Recalling this Mother’s Day
My Mikey, I love you
∞ • π³ + 1
I am so braindead I can hardly stand it, but insomnia seems to have me in its grips again. The bugger!
Mother’s Day is a day to celebrate the state of motherhood. We choose this one particular day to celebrate, when, in my humble opinion, every day should be cause to celebrate motherhood.
Mama worked for about four hours this morning, putting together a photo album for Memaw. It is only half complete, but the main sections of it were in place, so Mama went ahead and gave it to Memaw.
As she looked through the photos, she made her way through each of her children. Martha. Smile. Glenda. Smile. Shirley. Smile. Roy. Smile. Clyde. Smile. Mama. Smile.
Then she turned the page and came upon Uncle Ray. For those who may not know it, my Uncle Ray has been dead for 20 1/2 years. Upon seeing his face, Memaw turned her head downwards, covered her eyes, and issued a few almost-silent sobs.

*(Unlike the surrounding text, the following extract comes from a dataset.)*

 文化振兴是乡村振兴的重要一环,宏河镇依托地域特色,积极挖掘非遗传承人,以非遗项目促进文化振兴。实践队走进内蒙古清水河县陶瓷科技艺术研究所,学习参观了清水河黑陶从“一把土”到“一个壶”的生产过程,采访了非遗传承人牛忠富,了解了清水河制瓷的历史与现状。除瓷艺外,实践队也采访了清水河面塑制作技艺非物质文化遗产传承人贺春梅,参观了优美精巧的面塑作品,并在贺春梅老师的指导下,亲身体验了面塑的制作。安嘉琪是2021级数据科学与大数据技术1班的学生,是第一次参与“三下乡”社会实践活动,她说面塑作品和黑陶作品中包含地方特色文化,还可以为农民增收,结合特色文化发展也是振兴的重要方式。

She is not far gone enough to forget that her baby is gone.
My heart broke for my precious grandmother as she realized that on this day, when she had been so happy to see three of her daughters and some of her grandchildren, she was missing such a large part of her life, because her youngest child is no longer with us.
There were a lot of pictures of Ray on his pages. It made me realize, yet again, the lasting effects each of us have on people. Ray, Mama’s only younger sibling, died in 1985 in a freak electrical accident. He filled everyone’s life with so much fun, and everyone misses him to this day.

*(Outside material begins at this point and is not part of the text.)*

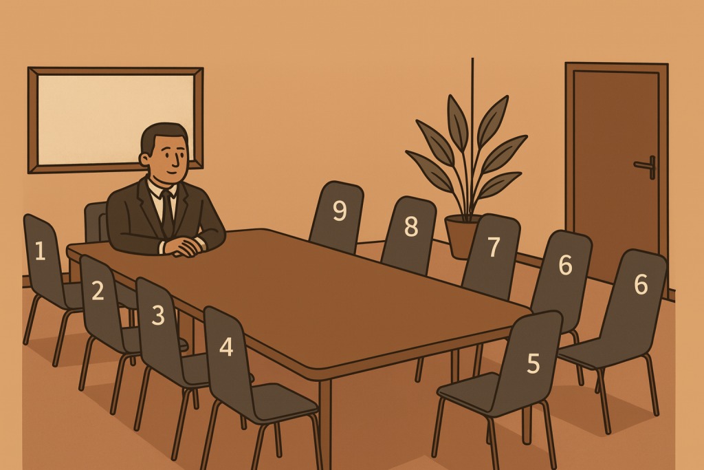 Sąvoka paprasta: pasirinkite vietą prie stalo. Pagal pasirinktą poziciją atskleidžiamos jūsų bendravimo stiliaus savybės, požiūris į autoritetą ir vaidmuo komandoje.

After Memaw closed the album, I picked it up and started going through it. When I came upon Ray’s pictures, I talked about how much my cousin Lance looks like Ray. Lance is not Ray’s son, but he is Ray’s sister’s son, and it is not unheard of for a nephew to resemble his uncle. Mama and I told My Mikey that everyone loved Ray so much. He had such enthusiasm, such charm, and was so mischievous that he won everyone over…even when he was misbehaving, of which he did his fair share.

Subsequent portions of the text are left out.